# 🌻Acknowledgement
We implement our reinforcement learning algorithm extending from [veRL](https://github.com/volcengine/verl). We utilize [vLLM](https://github.com/vllm-project/vllm) for inference. 

## Installation

You can install dependencies by running the following commands:

```
conda env create -n lp-reg -f environment.yaml
```

## Training

Before training, you need to ensure that the AIME, AIME25 datasets are with "data_source" of "aime", "aime25" and respectively. As we hardcode it to make sure they are rollouted with temperature of 0.6.

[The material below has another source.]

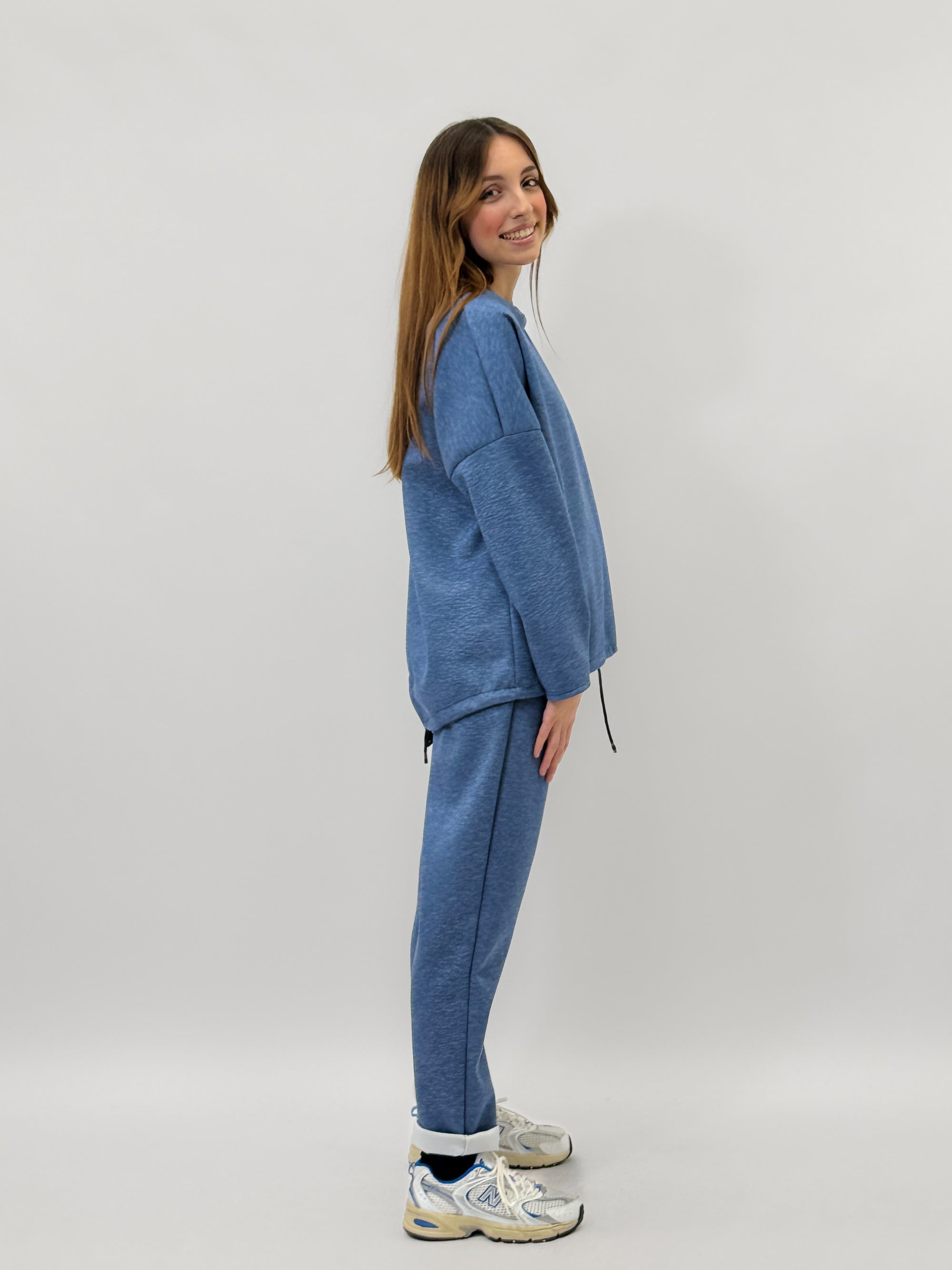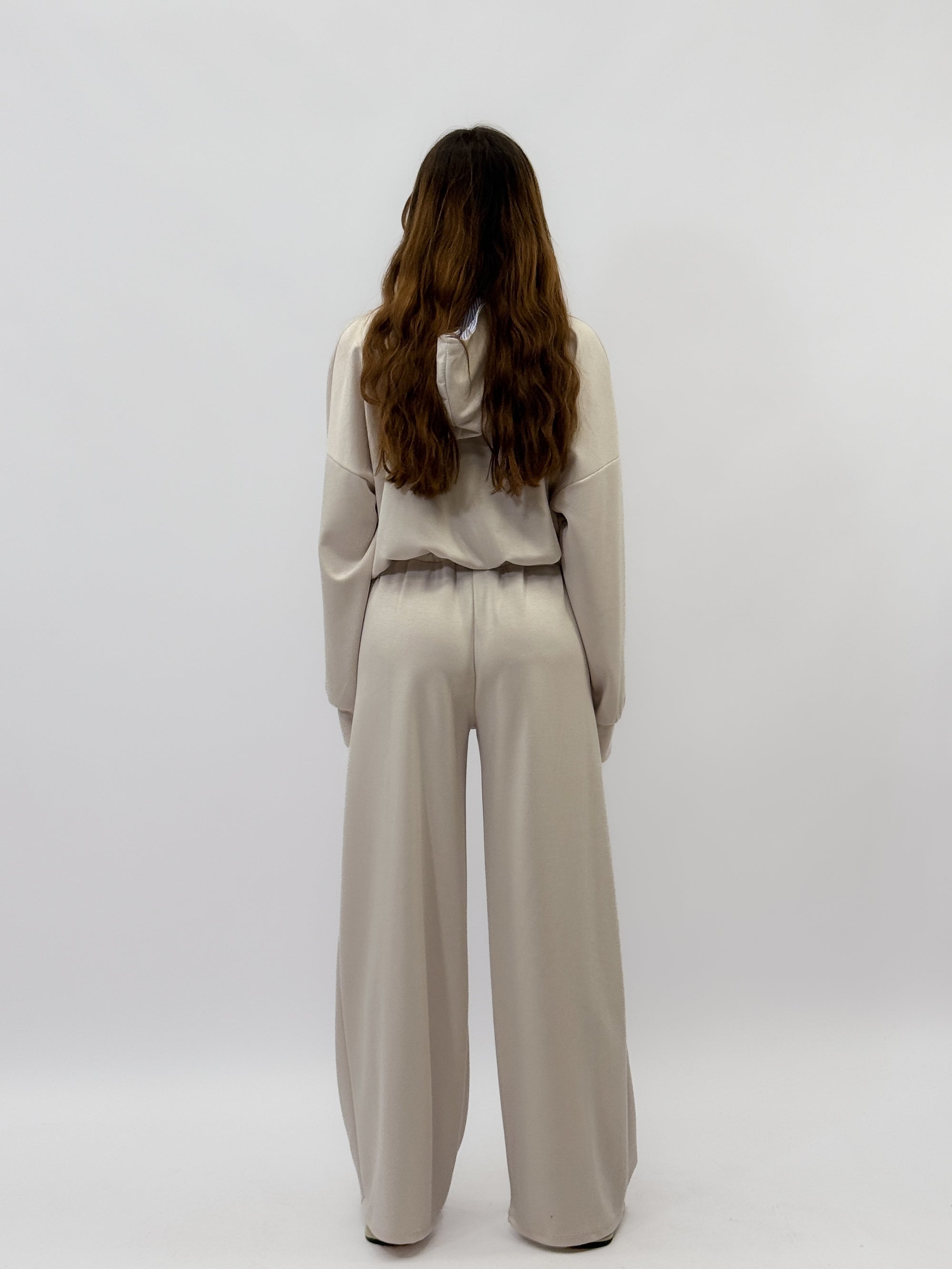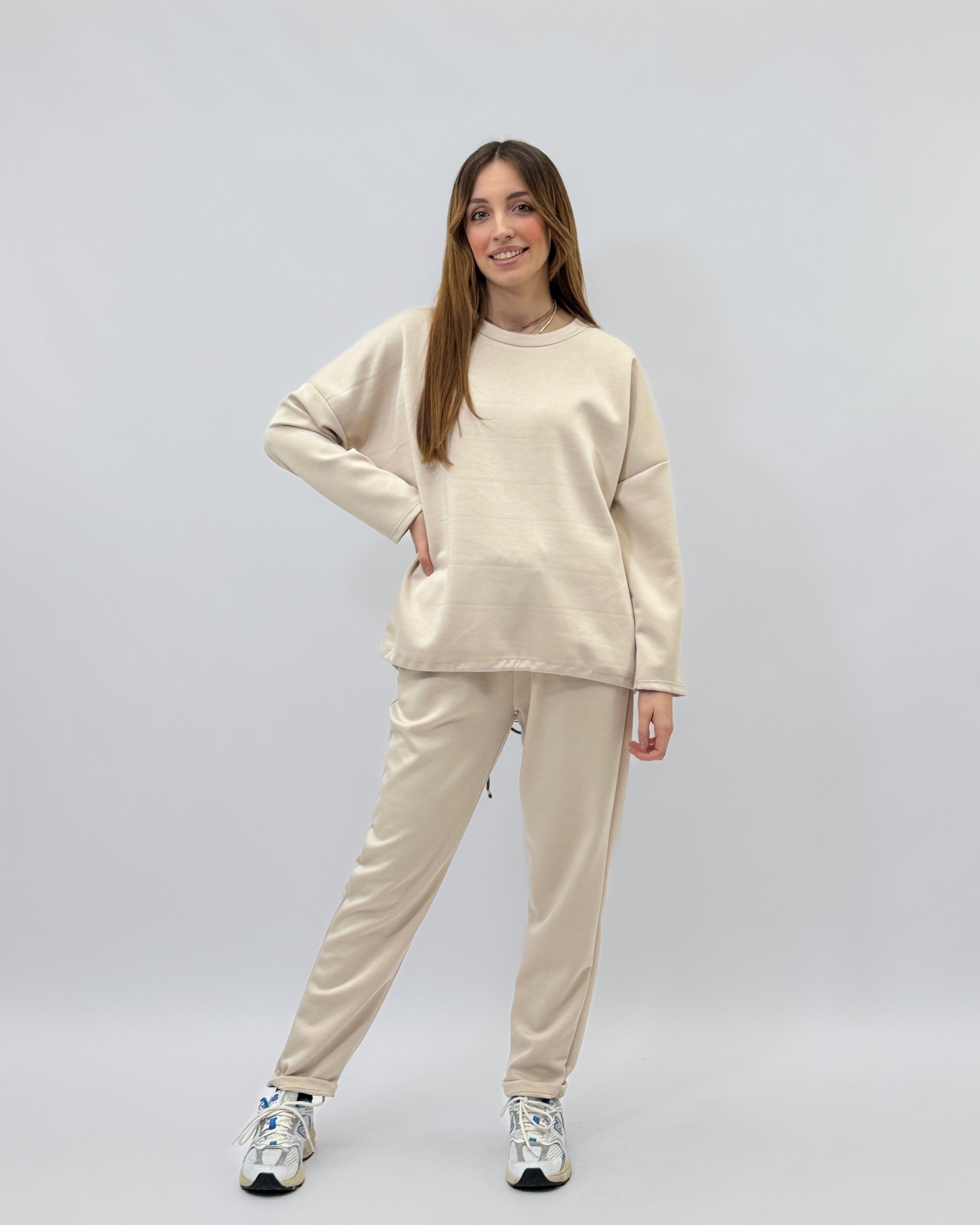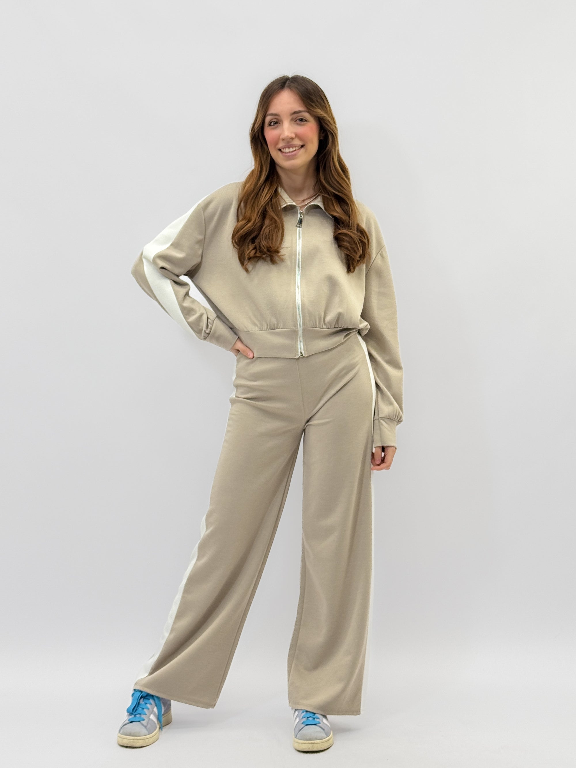 Completo in tessuto tecnico con felpa oversize e pantalone palazzo

For training Qwen3-14B on multi nodes, you can run:

```
cd Lp-Reg
conda activate lp-reg
bash examples/qwen2.5_32b_kl_minp_8k_wods_64gpu.sh
```

While for training Qwen2.5-32B on multi nodes, you can run:

```
cd Lp-Reg
conda activate lp-reg
bash examples/qwen3_14b_kl_minp_8k_wods_32gpu.sh
```

## Evaluation

For evaluation, we assess model performance across five diverse mathematical reasoning benchmarks: AIME24, AIME25, MATH-500, OlympiadBench, and Minerva Math.

For AIME24 and AIME25, which have smaller test sets, we use sampled decoding with a temperature of 0.6 and generate 16 independent responses per problem. For the remaining benchmarks, including MATH-500, OlympiadBench, and Min-
erva, we utilize greedy decoding to evaluate performance.